Raw data >>
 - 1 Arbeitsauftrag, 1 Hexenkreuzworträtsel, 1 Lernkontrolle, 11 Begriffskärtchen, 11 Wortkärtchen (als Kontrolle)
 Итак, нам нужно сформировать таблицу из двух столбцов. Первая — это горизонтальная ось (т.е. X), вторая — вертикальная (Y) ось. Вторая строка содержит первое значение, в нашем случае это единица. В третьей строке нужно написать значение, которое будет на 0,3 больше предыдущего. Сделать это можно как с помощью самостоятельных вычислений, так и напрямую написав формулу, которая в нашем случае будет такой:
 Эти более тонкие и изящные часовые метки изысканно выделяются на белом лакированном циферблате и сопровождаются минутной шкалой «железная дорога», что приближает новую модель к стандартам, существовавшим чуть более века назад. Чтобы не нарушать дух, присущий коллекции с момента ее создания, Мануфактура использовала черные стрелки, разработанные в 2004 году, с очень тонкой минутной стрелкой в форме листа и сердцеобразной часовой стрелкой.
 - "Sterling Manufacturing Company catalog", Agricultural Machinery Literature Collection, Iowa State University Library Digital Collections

--

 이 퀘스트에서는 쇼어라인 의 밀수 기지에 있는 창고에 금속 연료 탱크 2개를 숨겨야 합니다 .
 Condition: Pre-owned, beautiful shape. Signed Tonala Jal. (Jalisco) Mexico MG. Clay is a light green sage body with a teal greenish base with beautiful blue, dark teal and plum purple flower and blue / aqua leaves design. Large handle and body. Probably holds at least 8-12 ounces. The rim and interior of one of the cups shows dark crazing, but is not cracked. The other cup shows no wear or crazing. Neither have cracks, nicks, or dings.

--

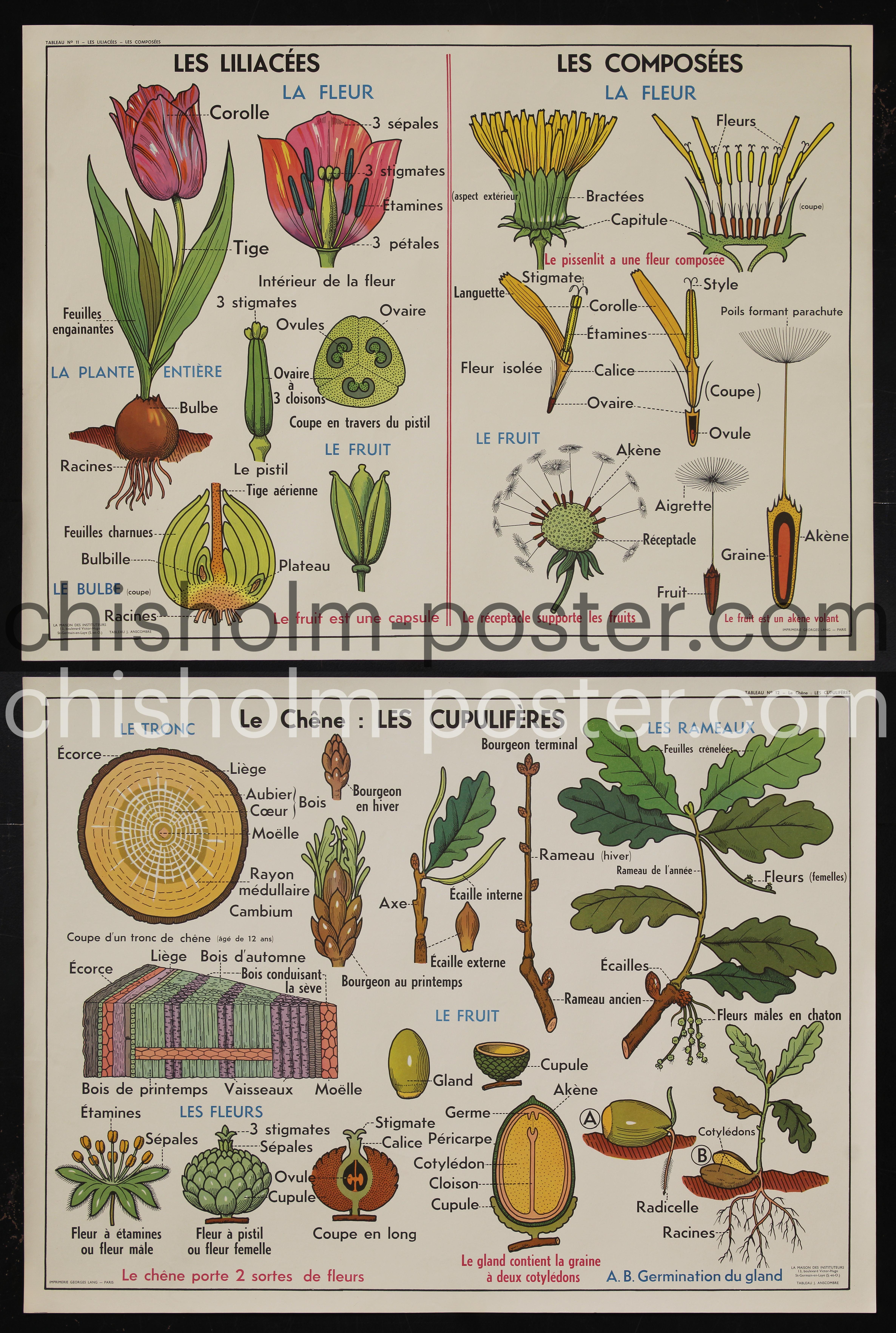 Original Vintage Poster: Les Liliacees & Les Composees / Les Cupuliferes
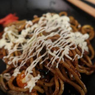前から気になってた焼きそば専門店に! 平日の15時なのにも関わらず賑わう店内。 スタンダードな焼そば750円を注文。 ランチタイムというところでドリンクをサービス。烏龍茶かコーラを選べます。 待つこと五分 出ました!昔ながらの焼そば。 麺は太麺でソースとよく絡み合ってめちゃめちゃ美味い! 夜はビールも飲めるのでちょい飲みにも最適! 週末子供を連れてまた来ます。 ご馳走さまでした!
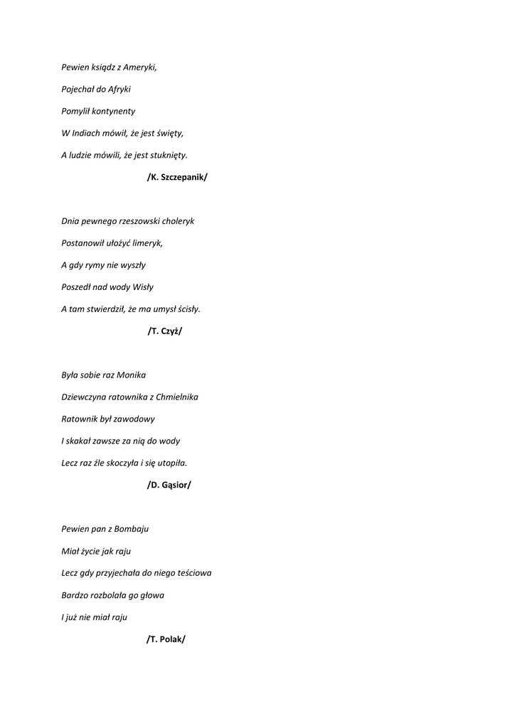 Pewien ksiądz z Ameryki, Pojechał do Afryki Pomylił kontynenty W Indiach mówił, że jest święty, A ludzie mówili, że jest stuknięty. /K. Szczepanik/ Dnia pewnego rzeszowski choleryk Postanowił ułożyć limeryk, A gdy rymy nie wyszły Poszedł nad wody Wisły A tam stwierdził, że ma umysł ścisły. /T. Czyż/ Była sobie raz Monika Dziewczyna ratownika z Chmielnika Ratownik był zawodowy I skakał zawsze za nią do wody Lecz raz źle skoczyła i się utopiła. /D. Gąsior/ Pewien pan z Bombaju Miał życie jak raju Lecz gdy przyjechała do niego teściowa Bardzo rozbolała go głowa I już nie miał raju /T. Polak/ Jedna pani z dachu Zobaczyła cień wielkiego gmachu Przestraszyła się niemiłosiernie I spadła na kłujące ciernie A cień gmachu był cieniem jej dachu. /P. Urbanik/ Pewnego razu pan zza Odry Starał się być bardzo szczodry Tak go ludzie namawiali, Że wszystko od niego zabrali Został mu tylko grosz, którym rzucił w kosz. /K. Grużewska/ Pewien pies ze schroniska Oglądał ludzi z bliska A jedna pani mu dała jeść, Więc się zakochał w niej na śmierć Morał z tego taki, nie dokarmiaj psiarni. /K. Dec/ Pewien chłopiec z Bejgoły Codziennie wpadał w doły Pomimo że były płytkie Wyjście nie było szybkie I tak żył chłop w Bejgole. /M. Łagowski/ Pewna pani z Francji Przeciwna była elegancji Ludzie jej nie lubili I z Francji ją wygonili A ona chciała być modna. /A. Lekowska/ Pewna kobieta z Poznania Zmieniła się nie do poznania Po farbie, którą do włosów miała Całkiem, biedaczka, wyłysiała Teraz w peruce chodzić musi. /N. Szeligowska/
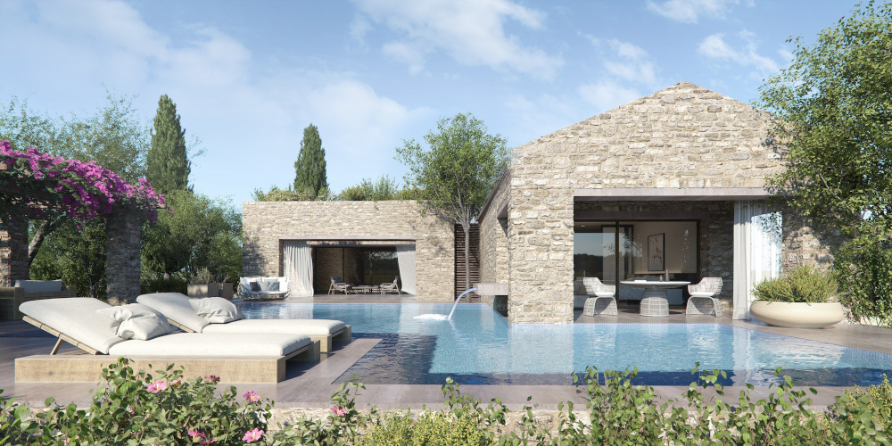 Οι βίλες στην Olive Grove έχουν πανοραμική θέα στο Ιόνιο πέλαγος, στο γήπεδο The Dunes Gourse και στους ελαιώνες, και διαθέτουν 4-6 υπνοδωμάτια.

Your instructions >>
The range runs from the line with "이 퀘스트에서는 쇼어라인" up to and including the line with "Condition: Pre-owned, beautiful" in the listing above; please write out exactly those lines and nothing more.

Solution >>
 이 퀘스트에서는 쇼어라인 의 밀수 기지에 있는 창고에 금속 연료 탱크 2개를 숨겨야 합니다 .
 Condition: Pre-owned, beautiful shape. Signed Tonala Jal. (Jalisco) Mexico MG. Clay is a light green sage body with a teal greenish base with beautiful blue, dark teal and plum purple flower and blue / aqua leaves design. Large handle and body. Probably holds at least 8-12 ounces. The rim and interior of one of the cups shows dark crazing, but is not cracked. The other cup shows no wear or crazing. Neither have cracks, nicks, or dings.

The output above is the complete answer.